Though no algorithm performed perfectly, the researchers noted that some seem to perform better than others. For this analysis, they examined the aforementioned 14,819 ClinVar variant that are assigned at least one star and a second batch of 2,966 ClinVar variants with at least a two-star rating. Their results, which are described in more detail in the paper, suggest that some of the newer algorithms which incorporate multiple different predictions to make their final assessment perform better than older algorithms that rely on individual predictions, Plon said.

"But our analysis of the literature, and my personal experience reading lab reports, suggested that many laboratories still use the older algorithms," she said. "So one of our other recommendations was for laboratories to look at their clinical pipelines and to consider whether updating the algorithms that they are using or using different combinations might be more effective." It's also important for labs not to overuse the predictions of these algorithms unless they've done some additional work to show that the algorithm works particularly well with that gene in question, Plon added.

The authors further encourage clinicians reviewing diagnostic reports that include results from algorithms to be aware of their variable performance as well as the problem of false concordance.
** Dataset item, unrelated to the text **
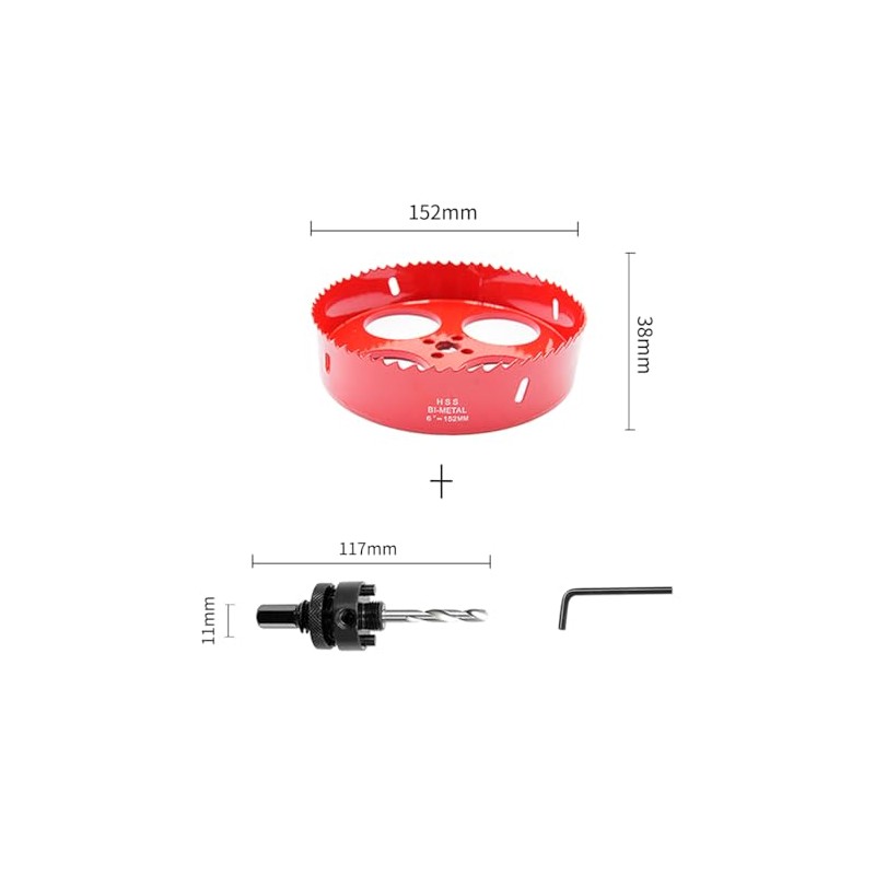 - [A2 heavy duty arbor] LAIWEI 152mm hole saw (6" 152mm hole cutter) with A2 heavy duty arbor. The fits most bimetal hole saws: 60 mm to 360 mm. Locking pin design: The pin locks the saw in place and prevents over-tightening and slipping.

This is an important issue for clinicians who may not understand the limitations of these algorithms when they receive patient reports that include computational characterizations of variants.

"I think the paper makes an important point that there are high-performing algorithms but there is a chance for error in particular in calling a variant pathogenic that is actually benign," Plon said. "When clinicians talk about reports, they sometimes weigh those predictions in their minds quite heavily. I certainly will incorporate that more into my teaching and my own evaluation of patient reports."